An algebra problem by Anish Roy

We consider the six subsets of possible combinations as: $A_{1}={(x,17,24):1 \leq x \leq 40}$ $A_{2}={(x,24,17):1 \leq x \leq 40}$ $A_{3}={(17,x,24):1 \leq x \leq 40}$ $A_{4}={(24,x,17):1 \leq x \leq 40}$ $A_{5}={(17,24,x):1 \leq x \leq 40}$ $A_{6}={(24,17,x):1 \leq x \leq 40}$ It is not difficult to see that each set has $40$ elements and so by addition principle ther are $40\times6=240$ combinations to try and at most $40$ minutes are needed.
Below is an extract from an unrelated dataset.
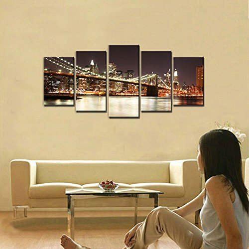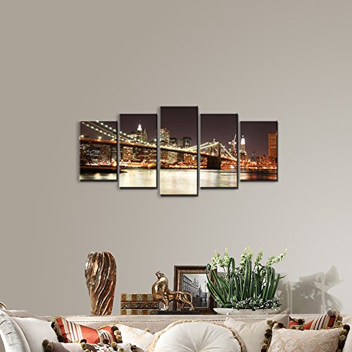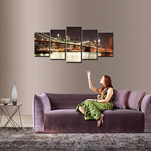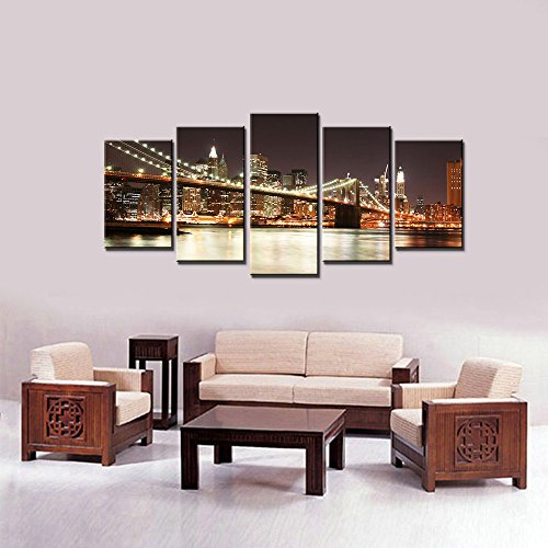-. Title : Wieco Art - the Brooklyn Bridge - Canvas P.R.Int Stretched and Framed Canvas Wall Art for Wall Decorationand Home Decoration Seascape Canvas Art P5RLA008

An important but easily missed fact in applying the addition principle is that the sets $A_{i}$ must form a partition for the principle to hold; that is, $A_{i} \cap A_{j}=\phi$ for $i \neq j$ . But in this problem, the combinations $(17,17,24)$ belongs to both $A_{1}$ and $A_{3}$ . Similarly, each of the combinations $(17,24,17),(17,24,24),(24,17,24),(24,24,17),(24,17,17)$ also belongs to two sets and is therefore counted twice. Hence, there are only $240-6=234$ combinations to try, and the correct answer is $\boxed{39}$ minutes.